While, in relatively benign economic times, credit insurers may be willing to make some assumptions about a buyer’s financial status, in the current climate it has become necessary to look more closely at a buyer’s books in order to assess the risk. Buyers can help to keep their doors open to continuing trade by making those books available to credit insurers.
How is a credit insurer’s role affected by the economic downturn?
It’s tougher. The rapidity of change in the global economy makes it imperative that credit insurers monitor risks constantly, not just regularly – ‘real time’ risk assessment, if you like.
Of course, while, as always, the insurer will steer customers away from unacceptable risk, they are committed to settle valid claims and to recover unpaid debt on their customers’ behalf. And make no mistake; credit insurers’ claims and collection departments are working flat out at the moment.
The take-up of credit insurance too has grown over recent years and the current crisis has added impetus to this. That also puts the number of deals that can no longer be covered in perspective, as the value of insured contracts is actually growing exponentially.
And, as has always been the case, credit insurance not only protects the customer’s sales, but eases the way to bank finance (as the bank’s investment is assured) - and allows the seller to offer attractive credit terms: a must in any competitive market. Without the safety net of credit insurance, that seller would have to either get cash up front or stipulate the security of, say, letter of credit – neither option likely to appeal to a potential buyer… and at the moment, at least, it’s a buyer’s market.
That doesn’t mean that sometimes some form of security won’t attach to an insured contract – it depends on the level and nature of the risk. But the aim of a credit insurer is, wherever possible, to find a way to say ‘yes’, not ‘no’.
So the true picture that emerges is of credit insurers continuing to do what they have always done – act in their customers’ best interests.
What’s needed is better communication and understanding of credit insurance
It’s clear that that some people simply don’t fully understand the role of the credit insurer. And maybe that’s an indictment of the insurers’ powers of communication.

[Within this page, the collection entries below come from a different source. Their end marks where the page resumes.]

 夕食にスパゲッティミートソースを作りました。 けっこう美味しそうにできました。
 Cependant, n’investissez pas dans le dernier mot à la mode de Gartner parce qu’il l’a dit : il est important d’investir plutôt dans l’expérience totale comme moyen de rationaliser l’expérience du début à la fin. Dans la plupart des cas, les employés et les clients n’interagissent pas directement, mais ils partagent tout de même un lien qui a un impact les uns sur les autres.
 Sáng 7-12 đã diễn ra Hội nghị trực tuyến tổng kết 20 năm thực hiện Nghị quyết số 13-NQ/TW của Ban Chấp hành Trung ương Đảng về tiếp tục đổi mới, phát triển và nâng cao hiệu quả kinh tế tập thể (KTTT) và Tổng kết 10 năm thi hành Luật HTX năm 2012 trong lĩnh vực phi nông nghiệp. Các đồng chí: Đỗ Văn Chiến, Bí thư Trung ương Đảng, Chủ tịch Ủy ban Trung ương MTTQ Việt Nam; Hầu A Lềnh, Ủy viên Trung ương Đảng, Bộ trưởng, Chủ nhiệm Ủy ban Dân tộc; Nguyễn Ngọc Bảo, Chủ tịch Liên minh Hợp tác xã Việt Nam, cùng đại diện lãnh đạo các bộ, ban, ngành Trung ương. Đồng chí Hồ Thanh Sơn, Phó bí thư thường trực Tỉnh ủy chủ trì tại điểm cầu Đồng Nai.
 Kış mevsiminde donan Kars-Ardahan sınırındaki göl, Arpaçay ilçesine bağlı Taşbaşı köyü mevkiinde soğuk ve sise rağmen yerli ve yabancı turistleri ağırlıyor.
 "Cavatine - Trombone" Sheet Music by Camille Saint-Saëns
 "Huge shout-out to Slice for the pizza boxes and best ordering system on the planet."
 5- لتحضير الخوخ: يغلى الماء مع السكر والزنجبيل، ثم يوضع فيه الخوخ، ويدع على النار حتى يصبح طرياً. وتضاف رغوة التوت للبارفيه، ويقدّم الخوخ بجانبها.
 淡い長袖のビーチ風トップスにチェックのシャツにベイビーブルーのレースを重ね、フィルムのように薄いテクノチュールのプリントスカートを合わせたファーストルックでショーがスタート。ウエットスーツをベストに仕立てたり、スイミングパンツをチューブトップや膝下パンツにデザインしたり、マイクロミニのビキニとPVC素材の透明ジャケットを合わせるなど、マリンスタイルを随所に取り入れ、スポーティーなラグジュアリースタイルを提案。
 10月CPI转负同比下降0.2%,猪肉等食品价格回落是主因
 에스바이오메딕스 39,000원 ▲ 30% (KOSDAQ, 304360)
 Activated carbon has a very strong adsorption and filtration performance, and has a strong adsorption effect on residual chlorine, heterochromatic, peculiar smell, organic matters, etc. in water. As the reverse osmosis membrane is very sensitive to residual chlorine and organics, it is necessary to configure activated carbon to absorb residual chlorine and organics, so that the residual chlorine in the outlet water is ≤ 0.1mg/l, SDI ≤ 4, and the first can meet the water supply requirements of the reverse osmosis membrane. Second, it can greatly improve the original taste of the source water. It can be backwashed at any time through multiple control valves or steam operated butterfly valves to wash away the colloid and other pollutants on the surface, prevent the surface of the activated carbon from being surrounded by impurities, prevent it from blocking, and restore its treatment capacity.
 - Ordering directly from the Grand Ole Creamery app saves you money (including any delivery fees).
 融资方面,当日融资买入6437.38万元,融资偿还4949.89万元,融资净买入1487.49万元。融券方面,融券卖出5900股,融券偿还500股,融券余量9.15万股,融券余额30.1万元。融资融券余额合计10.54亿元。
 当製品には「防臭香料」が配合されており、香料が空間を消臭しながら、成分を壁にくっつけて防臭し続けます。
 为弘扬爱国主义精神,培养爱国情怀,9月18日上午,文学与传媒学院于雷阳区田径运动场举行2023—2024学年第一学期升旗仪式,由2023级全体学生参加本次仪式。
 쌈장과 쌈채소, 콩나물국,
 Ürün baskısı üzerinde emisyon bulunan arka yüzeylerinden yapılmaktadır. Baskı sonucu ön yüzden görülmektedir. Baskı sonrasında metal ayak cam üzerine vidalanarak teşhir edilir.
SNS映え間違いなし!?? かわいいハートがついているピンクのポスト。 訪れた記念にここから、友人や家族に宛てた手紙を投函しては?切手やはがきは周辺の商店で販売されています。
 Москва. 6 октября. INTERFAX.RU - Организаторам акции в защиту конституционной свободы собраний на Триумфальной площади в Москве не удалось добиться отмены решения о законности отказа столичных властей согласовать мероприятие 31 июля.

But thanks to the ‘credit crunch’ that will hopefully change. Insurer’s will see that it’s in their own interest to explain better what they do and why, and businesses, politicians and media alike will find it a fruitful exercise to listen.
In the mind of many in the media, for instance, trade credit insurance equals trade credit. In other words, there’s a false impression that the role of the credit insurer is to step in and provide finance to businesses when the banks fail to do so.
While credit insurers don’t themselves provide finance, they can help a business secure trade credit when banks accepts credit insured receivables as a more secure asset. And credit insurance is now more than ever a vital weapon against the global downturn.
Atradius’ aim is always to help businesses manage risk and concentrate on profitable outlets for their products and services, and to assist our clients trade safely in a challenging and changing business environment.